YOUR OBJECTIVE: What you return must be the exact lines of the material below, from the first through the one that has "With precision handcrafted", with no pictures and, please, nothing else.

EXERCISE DATA:
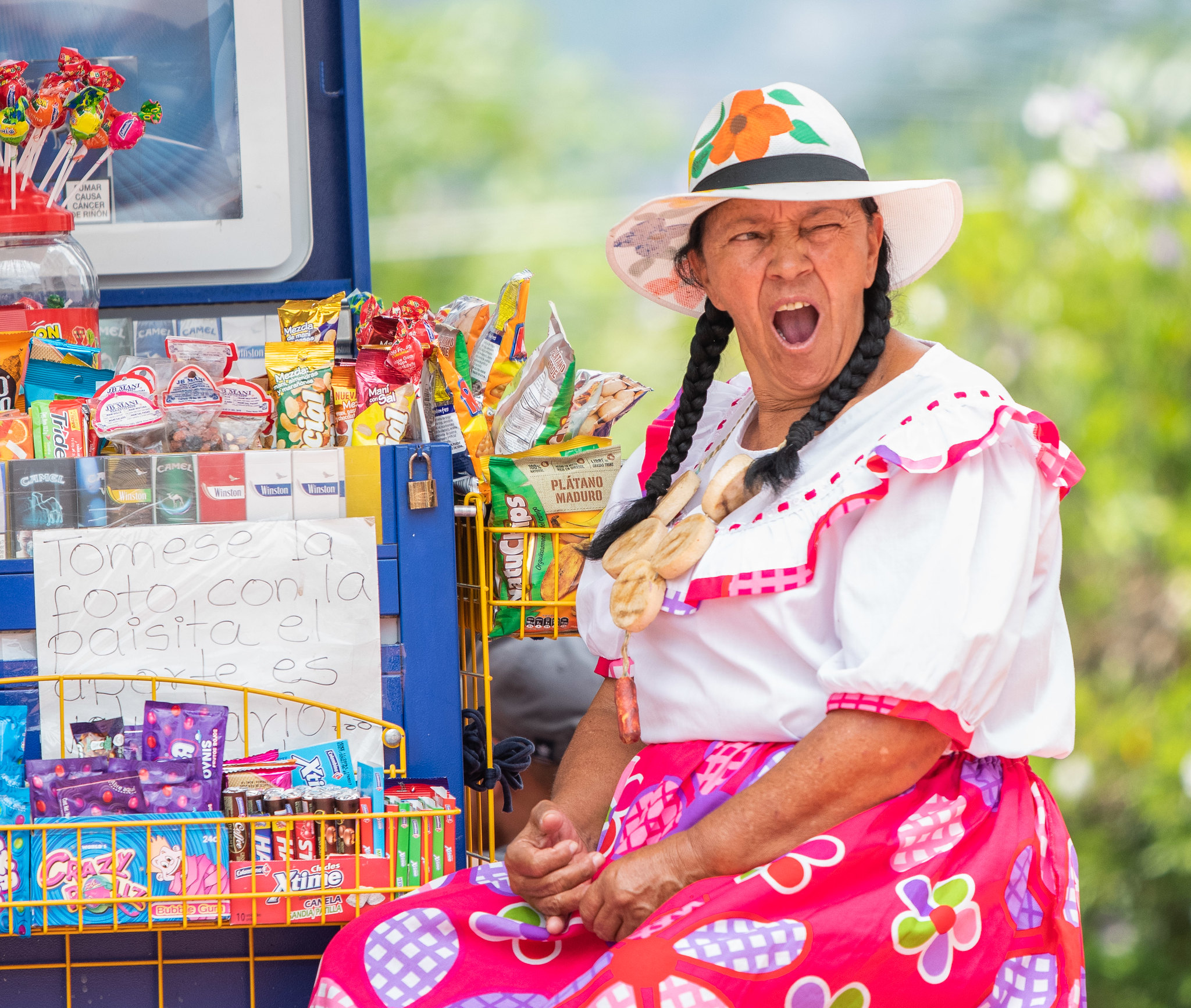 This señora in traditional clothing was selling some candies and offered to pose for a photo for a donation of a few pesos. I caught this candid moment after I already got the "official" photo:
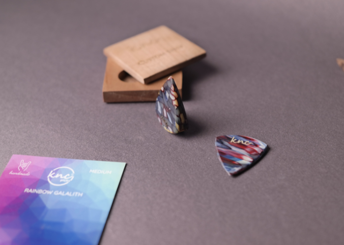 With precision handcrafted KNC picks, you can design your pick individually. Our completely eco-friendly products are produced with recycled materials.
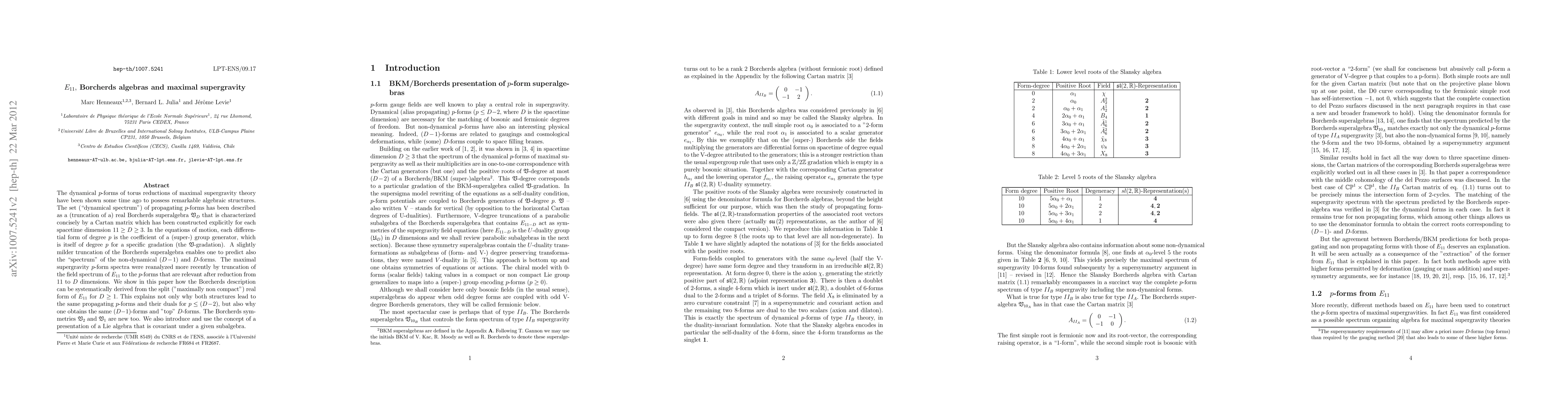 The dynamical $p$-forms of torus reductions of maximal supergravity theory have been shown some time ago to possess remarkable algebraic structures. The set ("dynamical spectrum") of propagating $p$-forms has been described as a (truncation of a) real Borcherds superalgebra $\mf{V}_D$ that is characterized concisely by a Cartan matrix which has been constructed explicitly for each spacetime dimension $11 \geq D \geq 3.$ In the equations of motion, each differential form of degree $p$ is the coefficient of a (super-) group generator, which is itself of degree $p$ for a specific gradation (the $\mf{V}$-gradation). A slightly milder truncation of the Borcherds superalgebra enables one to predict also the "spectrum" of the non-dynamical $(D - 1)$ and $D$-forms. The maximal supergravity $p$-form spectra were reanalyzed more recently by truncation of the field spectrum of $E_{11}$ to the $p$-forms that are relevant after reduction from 11 to $D$ dimensions. We show in this paper how the Borcherds description can be systematically derived from the split ("maximally non compact") real form of $E_{11}$ for $D \geq 1.$ This explains not only why both structures lead to the same propagating $p$-forms and their duals for $p\leq (D - 2),$ but also why one obtains the same $(D - 1)$-forms and "top" $D$-forms. The Borcherds symmetries $\mf{V}_2$ and $\mf{V}_1$ are new too. We also introduce and use the concept of a presentation of a Lie algebra that is covariant under a given subalgebra.
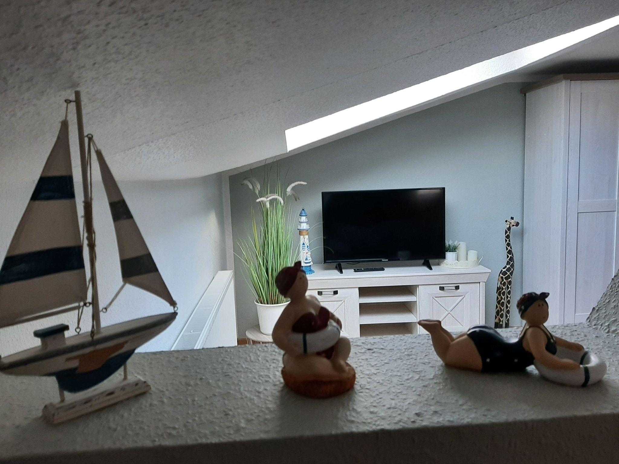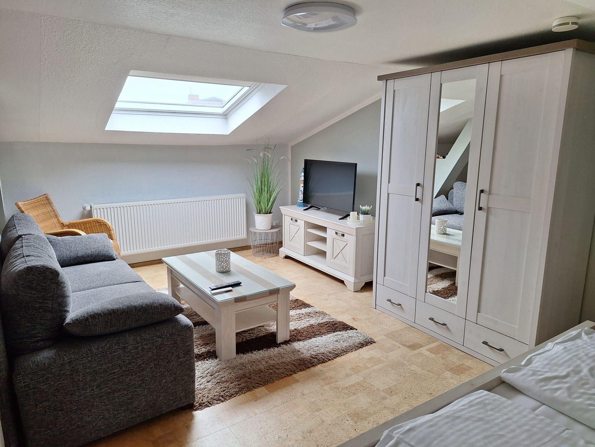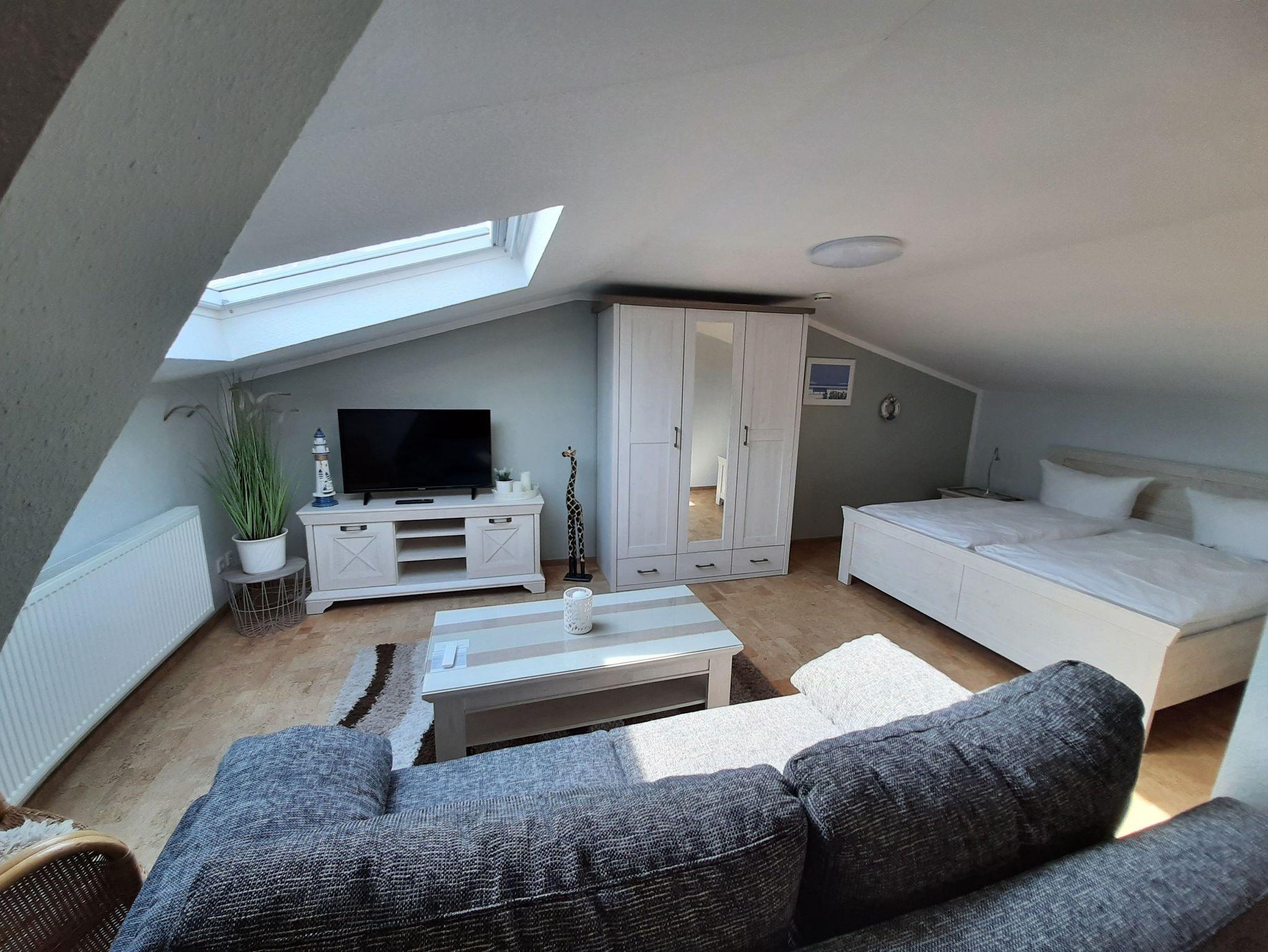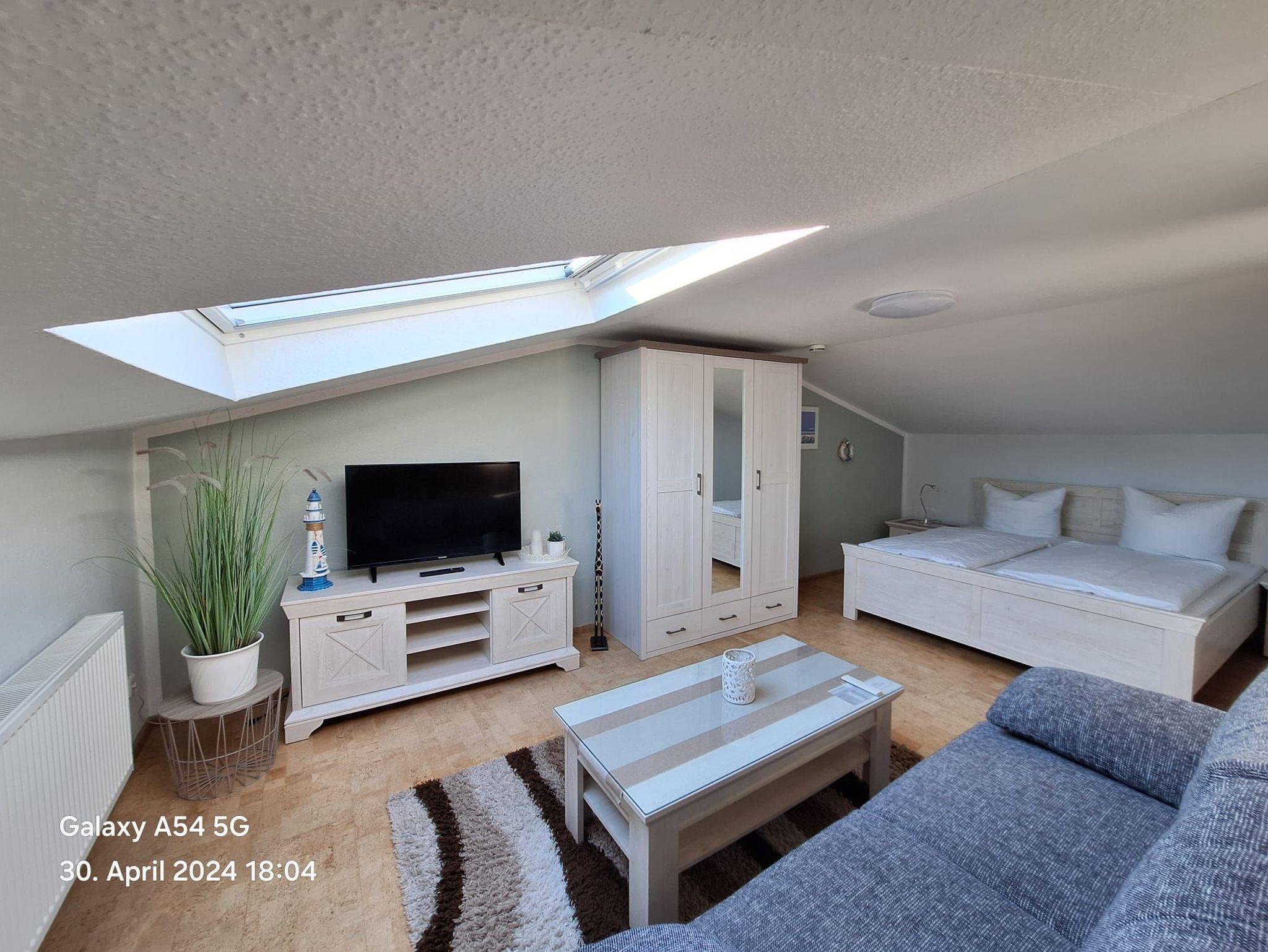 Schlafsofa ,großen Doppelbett, Kleiderschrank sowie TV und Esstisch.

EXPECTED ANSWER:
 This señora in traditional clothing was selling some candies and offered to pose for a photo for a donation of a few pesos. I caught this candid moment after I already got the "official" photo:
 With precision handcrafted KNC picks, you can design your pick individually. Our completely eco-friendly products are produced with recycled materials.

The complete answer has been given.